It is not clear to me what the level of difficulty of this question is, but it appears to involve notions number theoretic randomness, and so it seems like a reasonable candidate for an MO question.

The objective is to obtain an asymptotic formula for the sum

$$S(X)=\sum_{q\leq X}\frac{1}{\phi(q)}\sum_{\chi}L^2(0,\chi),$$

and it can easily be show that determining this is equivalent to knowing something interesting about Farey fractions. It is fairly elementary that

\begin{eqnarray}\label{} S(X)=\sum_{q\leq X}\frac{1}{\phi(q)}\sum_{\chi} \left( \sum_{a\leq q} \chi(a)\zeta\left(0 ,\frac{a}{q}\right) \right)^2 \end{eqnarray}

where $\zeta(s,a)$ is the Hurwitz zeta function so, denoting by $a^*$ the multiplicative inverse of $a$ modulo $q$, expanding out the square and using the orthogonality relations for the Dirichlet characters, one obtains

$$S(X)=\sum_{q\leq X}\sum_{(a,q)=1}\left(\frac{a}{q}-\frac{1}{2}\right)\left(\frac{a^*}{q}-\frac{1}{2}\right).$$

Noting that the mean value of the non-trivial Farey fractions ($0$ and $1$ being trivial) is $1/2$ for all $X$, at this point one probably realises that $S(X)/X^2$ is proportional (by a factor of $3/\pi^2$) to the correlation of the non-trivial Farey fractions of order $X$ with their multiplicative inverses modulo their denominators.

Since one would expect the values of $a/q$ and $a^*/q$ to be independent as $q\rightarrow\infty$, one would expect that $$S(X)=O(X^{1+\epsilon})$$ and so I would like to pose the following question:

Can an asymptotic formula for $S(X)$ be determined, or just a non-trivial upper or lower bound, via the Farey fractions or the Dirichlet L-functions?
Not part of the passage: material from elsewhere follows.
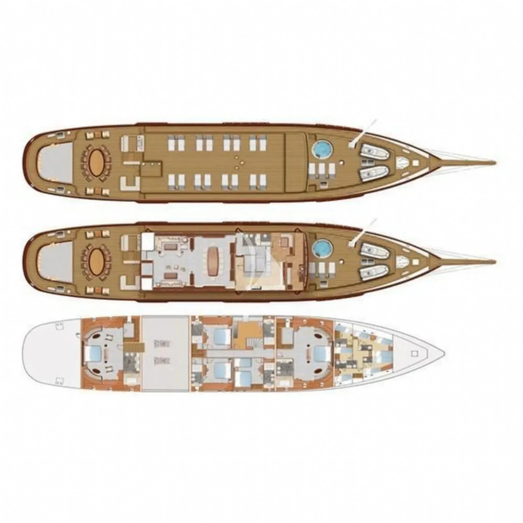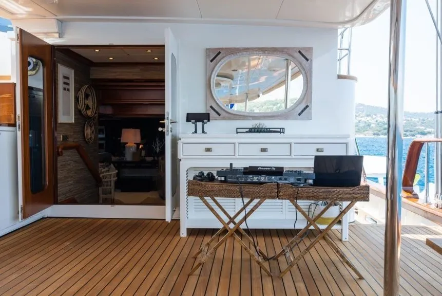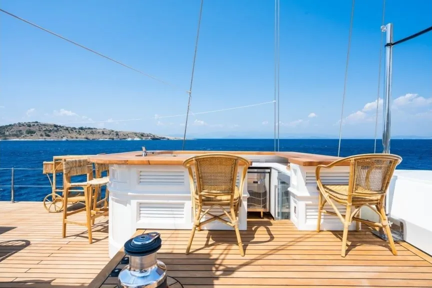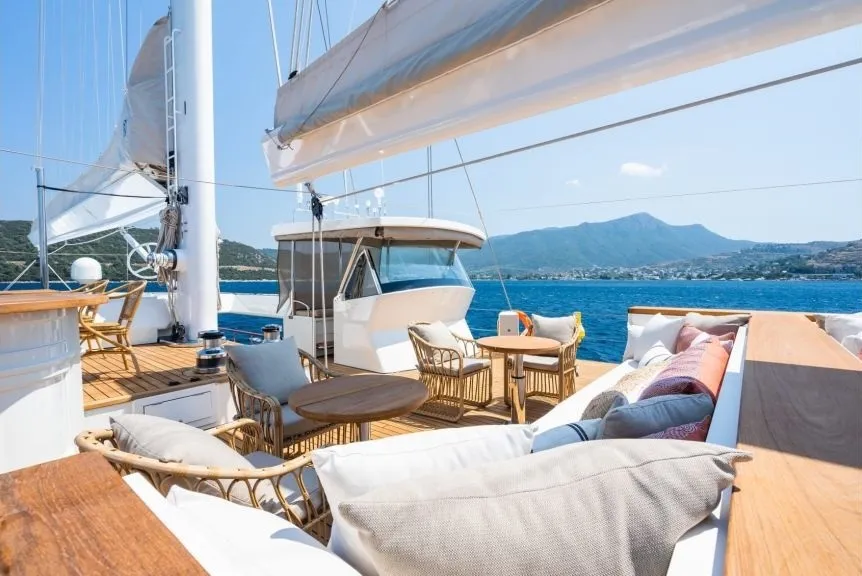 Her detayı özenle tasarlanmış geniş güverteleri, seyir halindeyken bile konforlu vakit geçirmenizi sağlıyor. Arka güvertede oturma grubu, yemek masası ve bar, ön güvertede güneşlenme minderleri, jakuzi ve keyifli bir yemek alanı, üst güvertede ise oturma alanları, bar ve ikinci bir jakuzi bulunuyor. Tüm alanlar, misafirlerin rahatlığı için en iyi şekilde düşünülerek tasarlandı.

A potential way to proceed is to multiply out the product and use the symmetry about $1/2$ to obtain

$$S(X)=-\frac{1}{2}+\sum_{q\leq X}\sum_{(a,q)=1}\left(\frac{aa^{*}}{q^2}-\frac{1}{4}\right).$$ Using the fact that $aa^{*}-k(a)q=1$, where $k(a)$ is the greatest number of integer multiples of $q$ less than $aa^{*}$, and $k(a)/q$ is another non-trivial Farey fraction, one obtains

$$S(X)=-\frac{1}{2}+\sum_{q\leq X}\sum_{(a,q)=1}\left(\frac{k(a)}{q}-\frac{1}{4}\right) +O(\log X).$$ However, the mapping $a\rightarrow k(a)$ is not an automorphism of the multiplicative group of integers modulo $q$ and the behaviour of this mapping seems to be rather complex.